Sometimes in science, a concept lingers unattended in the collective back of researchers’ minds for years; they sense there’s something important to it but aren’t ready to grasp it head-on. Then something changes and, voila, the concept moves front and center. Such was the case with the issue of overlap in the major neurodegenerative diseases at the 9th International Conference AD/PD held 11-15 March in the Czech capital city of Prague. Previous AD/PD conferences had reflected the de-facto separation in the daily work of most scientists and clinicians in this field. Even though they spent days under the same roof, by and large the movement disorder people went to one meeting and the dementia people to another. But Prague was different.
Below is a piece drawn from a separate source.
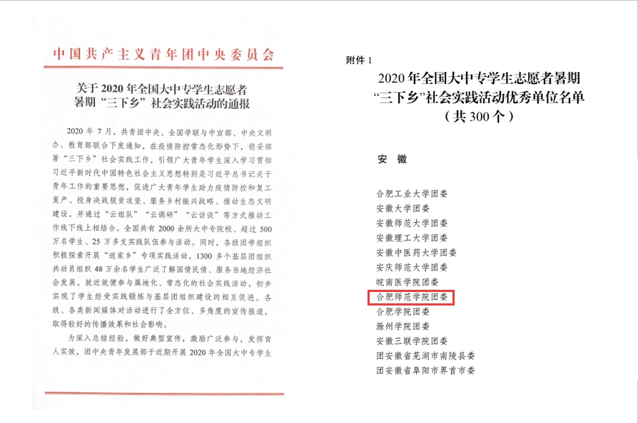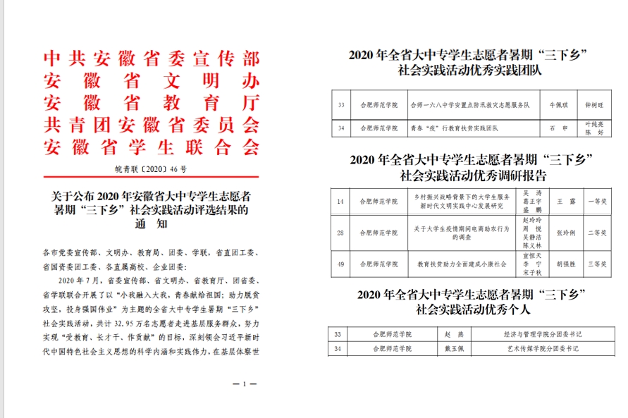 又讯,近日,省委宣传部、省文明办、教育厅、团省委、省学联联合公布了2020年安徽省大中专学生志愿者暑期“三下乡”社会实践活动评选结果,beat365官网获得多项表彰。青年志愿者联合会“合师一六八中学安置点防汛救灾志愿服务队”、文学院“青春‘疫’行教育扶贫实践团队”2支团队获评2020年全省大中专学生志愿者暑期“三下乡”社会实践活动优秀实践团队;经济与管理学院团委书记赵燕、艺术传媒学院团委书记戴玉佩2名教师获评2020年全省大中专学生志愿者暑期“三下乡”社会实践活动优秀个人;3篇调研报告获评2020年全省大中专学生志愿者暑期“三下乡”社会实践活动优秀调研报告。(校团委)

Rather than being treated as an inconvenient side issue that blurred boundaries, the extensive and multitudinous overlap between Alzheimer and Parkinson diseases (and also the frontotemporal dementias) was the focus of presentations and hallway discussion. Much of the buzz about this topic had spilled over into Prague from a preceding workshop in the former Royal German city of Kassel that had focused on dementia with Lewy bodies (DLB) and Parkinson disease dementia (PDD). These are two underappreciated conditions that occupy a large area of overlap between AD and PD. From 8-10 March, co-organizer Brit Mollenhauer of the Paracelsus-Elena-Klinik in Kassel had convened a group of investigators around the goals of sharing the latest insight and hammering out a research agenda to speed progress and fight for recognition of these betwixt diseases.

Once the overlap between two neurodegenerative diseases, not their differences, becomes the center of attention, the story changes in many ways, scientists said. Individual cases are comfortably seen as falling on a spectrum rather than having to fit into this box or that, and the view of the diagnosing physician changes such that (s)he expects and accommodates large numbers of mixed cases. Perhaps most importantly, the search for protein-based biomarkers—from fluid biochemistry to imaging—to tease out which underlying proteins drive a given person’s disease, assumes paramount importance.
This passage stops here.